Amphiphilic lipopeptide significantly enhances uptake of charge-neutral splice switching morpholino oligonucleotide in spinal muscular atrophy patient-derived fibroblasts.

Splice-switching antisense oligonucleotides (SSOs) are emerging therapeutics with two SSOs recently approved by the FDA for Duchenne muscular dystrophy and spinal muscular atrophy. SSOs are administered without any delivery vector and require large doses to achieve the therapeutic benefit, primarily due to their poor cellular uptake. Although cell-penetrating peptides (CPP) have shown great potential in delivering SSOs into cells, their capacity as delivery vector is limited. Here we have studied the effect of lipid conjugation on the cell permeability of a known CPP (ApoE). Myristic acid was coupled at the N-terminus of ApoE to a C-terminal cysteine residue. The myristoylated ApoE (Myr-ApoE) was conjugated to a maleimide functionalised phosphorodiamidate morpholino oligonucleotide (PMO). The Myr-ApoE-PMO conjugate showed no cytoxicity and had significantly higher efficiency in cell permeability with 30% higher splice-switching activity compared to ApoE-PMO. The self-assembly properties of this amphiphilic lipopeptide-PMO conjugate was assessed.

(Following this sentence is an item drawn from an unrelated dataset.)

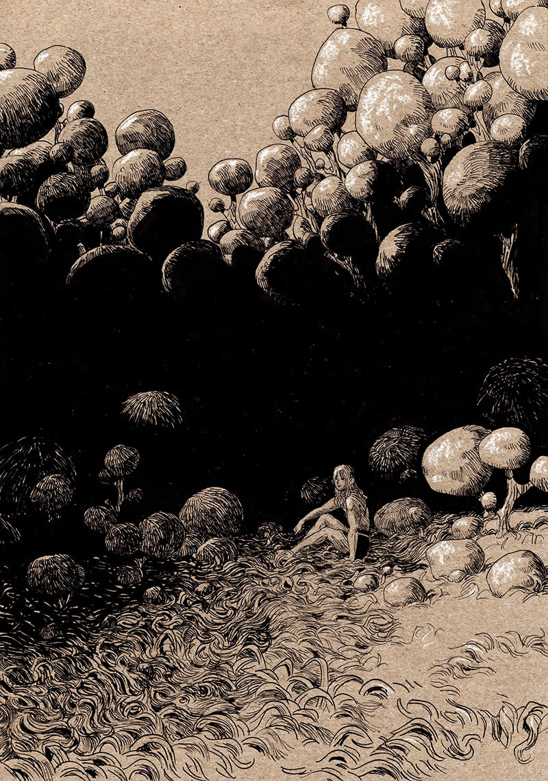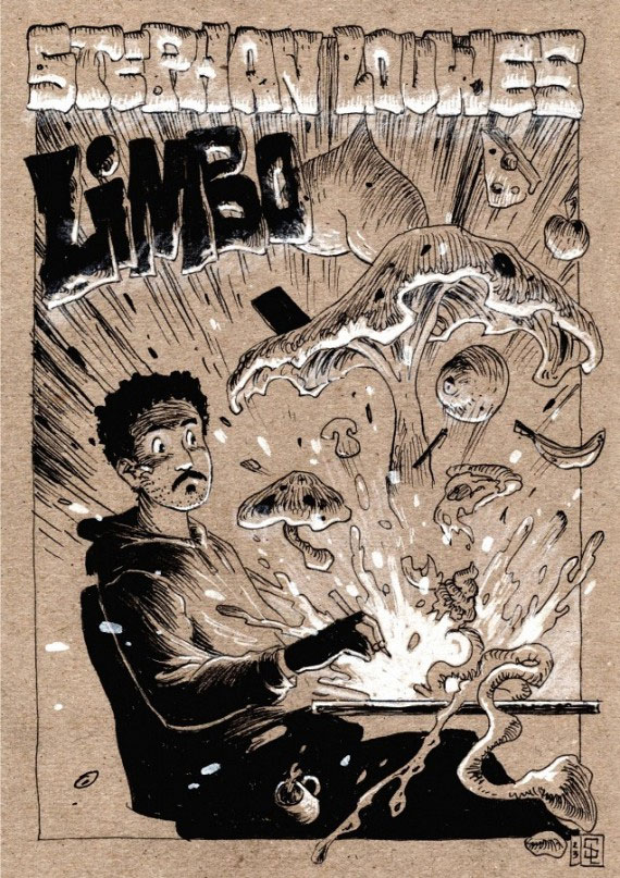 Louwes' graduation project was the graphic novel 'LIMBO - Lux in Tenebris?', subsequently published in book format by Oogachtend. A wordless graphic novel, each page is a full panel that tells the story of a boy who sees his friends disappear in the darkness one by one, leaving him wondering whether he'd risk his life to save them. To add to the overall mysterious atmosphere, both the cover and the interior of the book are printed on a thick type of kraft paper, while the author only used black ink and white paint. The first 2019 book release was followed by two more 'LIMBO' installments, subsequently 'Vox Aquarum' (2021) and 'Legatum' (2023).

Transmission electron microscopy showed formation of nanoparticles with amphiphile behaviour and spherical structure. The self-assembly of Myr-ApoE-PMO into nanoparticles enabled it to better bind to cell membranes and to be more efficiently taken up by fibroblast cells. These results showed that modification of physico-chemical properties of peptides to produce peptide amphiphiles enhances cellular uptake and can be used as an efficient delivery vector for therapeutic SSOs.